Wu, Public Officials Discuss Mass/Cass City in Process of Removing Encampments

Mayor Michelle Wu held a press conference on January 10 to provide updates on the public health crisis at Mass and Cass.

“Our efforts here at Mass and Cass have been driven by a public health and housing-led approach,” Wu said, adding that the encampments “are not a safe or healthy place for anyone to be living.”

There is no heat or running water and fires have broken out in the area as people attempt to stay warm.

With this week’s frigid weather especially, there are “ongoing issues around frostbite and hypothermia as temperatures drop,” Wu said.

The Wu administration has surveyed folks living in the Mass/Cass area and between December 6 and December 8, identified 145 people who resided in the area. She said that the city is trying to “meet each person where they are” when it comes to what their needs are regarding housing and medical care.

“Almost all individuals who were surveyed then stated that they’d like to move into low threshold housing,” Wu said, “ but that many of the existing shelter options were not meeting their needs.”

Wu said that following the December survey, resources were provided to those surveyed on December 16 and they were also told that tents would be removed after January 12.

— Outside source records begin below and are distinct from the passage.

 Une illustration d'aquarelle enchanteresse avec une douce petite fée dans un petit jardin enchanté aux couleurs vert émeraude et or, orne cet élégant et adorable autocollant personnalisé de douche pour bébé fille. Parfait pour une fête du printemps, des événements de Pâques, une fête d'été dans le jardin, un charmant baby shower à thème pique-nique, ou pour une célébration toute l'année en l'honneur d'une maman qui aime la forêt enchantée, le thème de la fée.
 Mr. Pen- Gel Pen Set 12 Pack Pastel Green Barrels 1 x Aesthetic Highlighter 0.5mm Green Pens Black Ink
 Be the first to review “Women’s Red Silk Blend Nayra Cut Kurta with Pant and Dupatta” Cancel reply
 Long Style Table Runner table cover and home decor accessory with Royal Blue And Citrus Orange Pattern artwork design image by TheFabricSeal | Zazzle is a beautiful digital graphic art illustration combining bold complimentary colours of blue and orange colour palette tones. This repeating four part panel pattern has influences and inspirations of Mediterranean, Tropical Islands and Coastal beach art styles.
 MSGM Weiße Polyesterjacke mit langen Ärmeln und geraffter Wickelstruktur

She said that as of Jan. 10, 83 people were living in low threshold housing, and space is available for the 62 remaining people.

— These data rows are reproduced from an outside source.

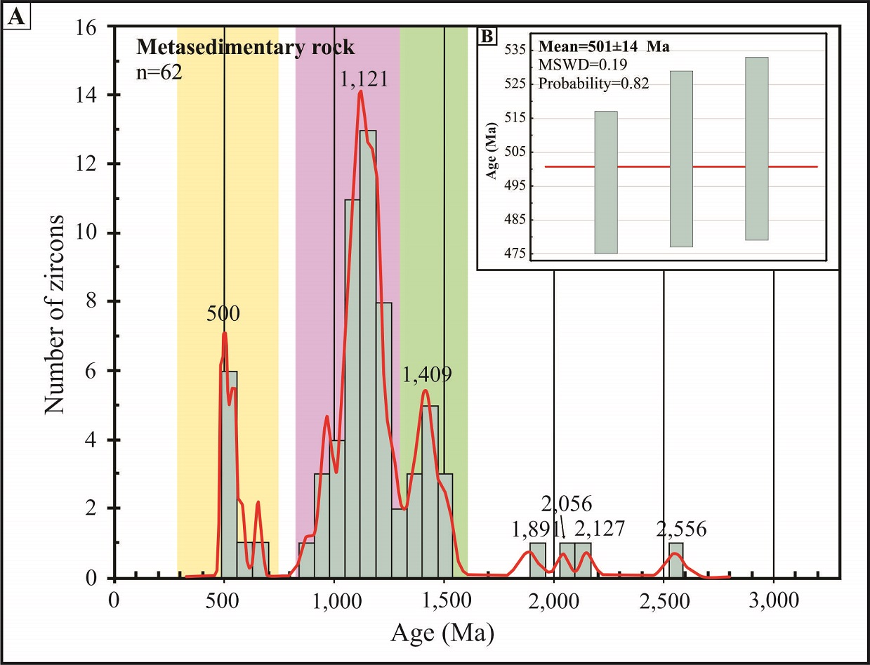 - Detrital zircon dating constrains the maximum depositional age for San Martín de los Andes metasedimentary rocks in 501±14 Ma (Series 3 Cambrian). The source rock ages are mainly Mesoproterozoic, although older and younger ages are also found.
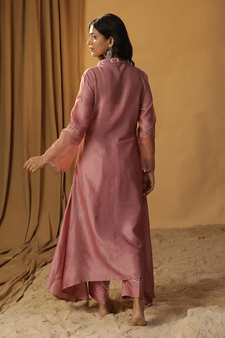 Pink Chanderi A-line kurta featuring abstract hand paint motifs, pearls, and cutdana embroidery. Paired with coordinating solid straight pant with scallop hem sleeves.
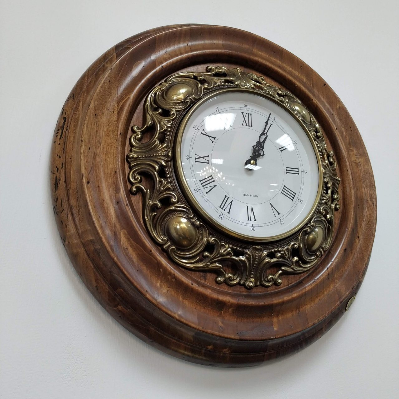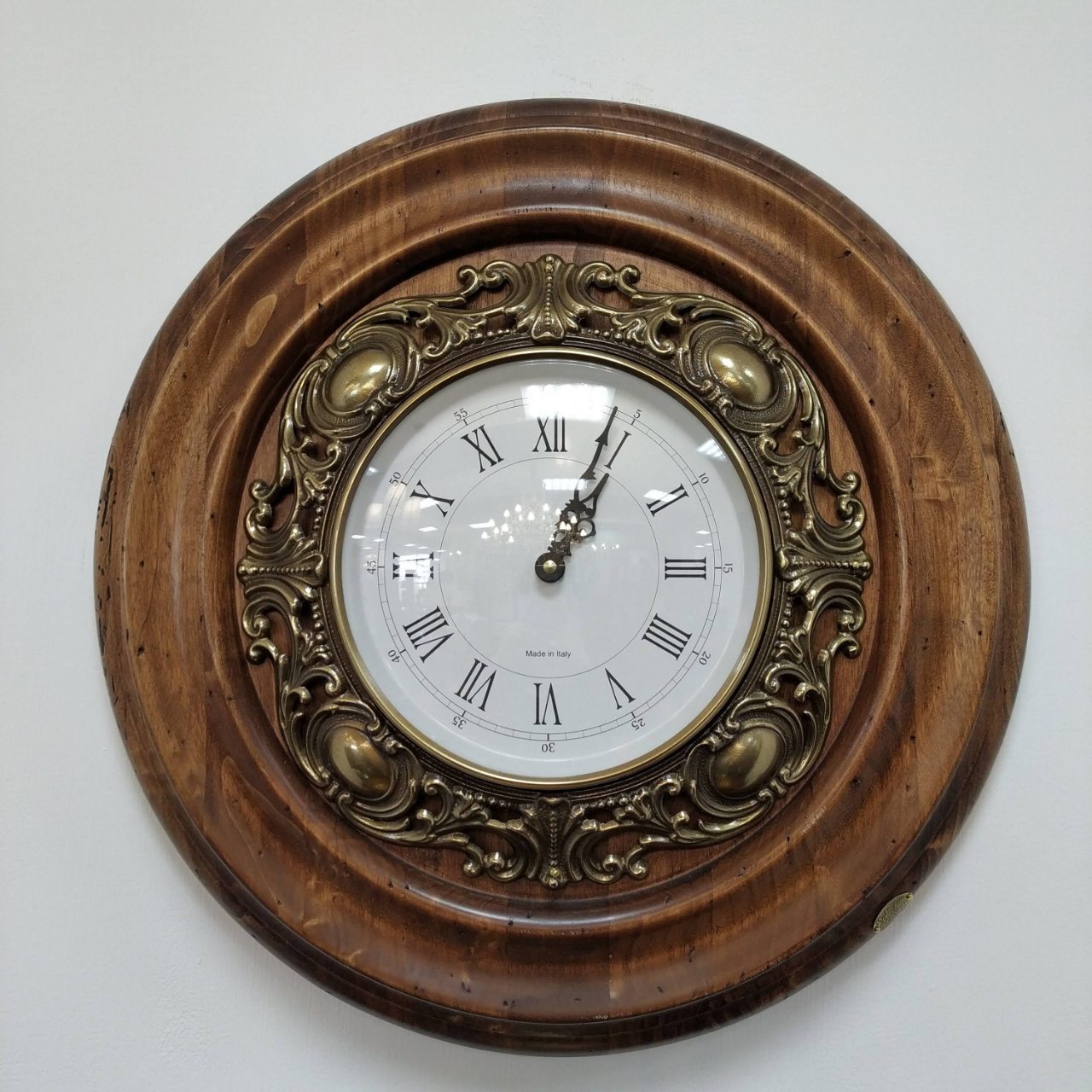 Роскошные настенные часы в старинном стиле. Большая круглая оправа изготовлена из натурального дерева. Циферблат закреплен в оправе из солидного латунного кружева с витиеватым узором. Ажурные стрелки движутся по керамическому циферблату с четкими римскими цифрами.

Wu said that on Jan. 12, the city will take down tents that had been left as well as “begin clearing the street.”

She said that the public works department will be “investing in street repairs and regular cleanings,” and the Boston Police Department will “ensure a safe environment for residents, businesses, and individuals accessing care.”

Wu also said that it will take “more than one day” to get rid of the encampments.

She also said that the city continues to work on longer term efforts, as Wu and city officials visited Long Island last week to assess the condition of the buildings. She said that more “regional investment” as well as collaboration with the state and other cities and towns will be needed.

Chief of Housing Sheila Dillon said that housing for 200 people “has been identified,” and as of the press conference, 159 spaces were up and running and all feature 24 hour staff.

“We’re taking a comprehensive public health approach to this issue,” said Dr. Bisola Ojikutu, Executive Director of the Boston Public Health Commission. “The need for these services will continue and will be great even when the tents in this area are gone.”

She said the approach includes “increasing access to low threshold housing,” as well as “intentionally focusing on health equity.”

Wu acknowledged that there are more than 62 people remaining at Mass and Cass, as there are “people constantly coming and going,” but “our approach is to really understand who is truly living in the encampments and living in this area” and help provide them with services and housing, “then connect with any other folks who might be in the area.”

The administration said that folks are living at the Envision Hotel on S. Huntington Ave., as well as at 112 Southampton St. and Woods-Mullin shelters. The Roundhouse Hotel is also housing folks, as are the new cottages at the Shattuck Campus in Franklin Park, though not all are ready for occupants yet because of delays in getting electricity to the units.